30. Luna Alergi?

3.1K 147 14
                                        







"Jujur ke Sisil tentang kita."

Kalimat itu membuat tubuh Luna membeku dan napas yang baru saja ia keluarkan serasa tercekat di tenggorokan. Ia mengangkat wajah, menatap Elden yang kini memandangnya dengan pandangan yang sulit diartikan.

"A..apa?"

"You heard me Na."

Luna mengerjap dua kali dan menggeleng-gelengkan kepala, "Nggak, gue nggak bisa bilang yang sejujurnya ke Sisil El..Gue nggak bisa."

"Kenapa?" Tanya Elden, "karna lo nggak mau buat Sisil kecewa? Na, tapi kita nggak bisa harus kayak gini terus, sembunyi dari realita seakan-akan hubungan kita ini salah."

"Lo nggak ngerti..." Lirih Luna.

"Gue ngerti Na. Lo juga sama tersiksa nya sama gue, jadi lebih baik Sisil tau semuanya Na."

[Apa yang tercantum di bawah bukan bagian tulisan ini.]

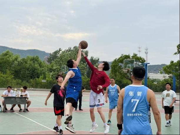 6月18日,海洋学院于高地篮球场举办师生篮球赛。学院党委书记朱建国、党委副书记兼副院长陈永磊、教师代表、毕业生代表参与本次篮球赛。

"El..Sisil udah kehilangan orang tuanya, saat itu semangatnya buat hidup semakin redup. Sampai akhirnya dia ketemu sama lo El. Lo adalah kebahagiaannya sekarang. Mana bisa gue ancurin kebahagiaan dia El.."

"Terus buat apa kita sampai sejauh ini Na?"

Mulut Luna terbuka, namun tak ada sepatah kata yang keluar dari sana. Mendadak lidahnya kelu, mengapa rasanya nyeri sekali saat mendengar ucapan Elden barusan? Sebagian kecil hatinya juga ikut bertanya, 'Untuk apa hubungan mereka sejauh ini, jika pada akhirnya ia juga tak tau apakah akan berlanjut atau tidak.'

"Setidaknya gue pernah ngerasain gimana rasanya dicintai, gimana rasanya ada orang yang mau melindungi dan menjaga gue seakan gue barang berharga."

Elden menatap Luna dalam-dalam, "Luna.."

Luna tersenyum melihat Elden yang berada tepat dihadapannya. Luna benar-benar mencintai Elden, walau kadang Elden menyebalkan dan membuat Luna naik darah. Namun tetap saja ia amat menyayangi pria ini.

"Lo Tanya, buat apa kita sampai sejauh ini? Jujur gue nggak tau jawaban nya El. Karena gue pengin hubungan kita berjalan sesuai arusnya. Kita nggak bisa merencanakan gimana kedepannya, toh tuhan juga yang akan menakdirkan." Luna mendesah pelan, "suatu saat nanti, kalo keberanian gue udah tinggi. Gue bakal jujur ke Sisil. Tapi nggak sekarang, gue butuh waktu El."

Elden menghela napas panjang. Setidaknya gadisnya sudah memiliki niat untuk tidak menutupi hubungan mereka berdua lagi. "Waktu lo masih banyak Na.." Ucap Elden yang hanya dibalas senyuman lebar dari Luna.

Tak berapa lama Sisil muncul dengan menggenggam candy cotton berukuran besar ditangannya. "Udah selesai kan? Pulang yuk?"

• • •

Liburan telah selesai. Sudah dua minggu mereka melawati liburan yang memuaskan hati. Begitupun dengan Sisil. Ia benar-benar menyukai liburannya, pasalnya liburannya kali ini terasa istimewa karena Elden seorang. Dari mulai pergi ke Dufan, main ke mall, bahkan menemani Sisil saat ada acara bersama teman satu kelasnya.

Namun, itu semua juga berkat paksaan dari Luna. Mengapa Elden mau menemani liburannya itu semua karena Luna. Sisil tersenyum puas, 'Kak Luna emang the best' batinnya. Ya walaupun semua karena Luna, tapi ini menunjukan kemajuan bukan?

Kini Sisil berjalan di koridor sekolah bersama dengan Elden. Jantungnya berdegup kencang seakan ingin keluar dari dalam. Diliriknya laki-laki jakung disampingnya tanpa sadar membuat Sisil mengatupkan keseluruh jarinya gugup. Elden selalu bisa membuat Sisil menjadi salah tingkah sendiri.

"Mau sampe kapan lo liatin gue?"

"Apa...apaan sih? Sisil nggak liatin Kak Elden, geer deh." Ucap Sisil langsung membuang wajah.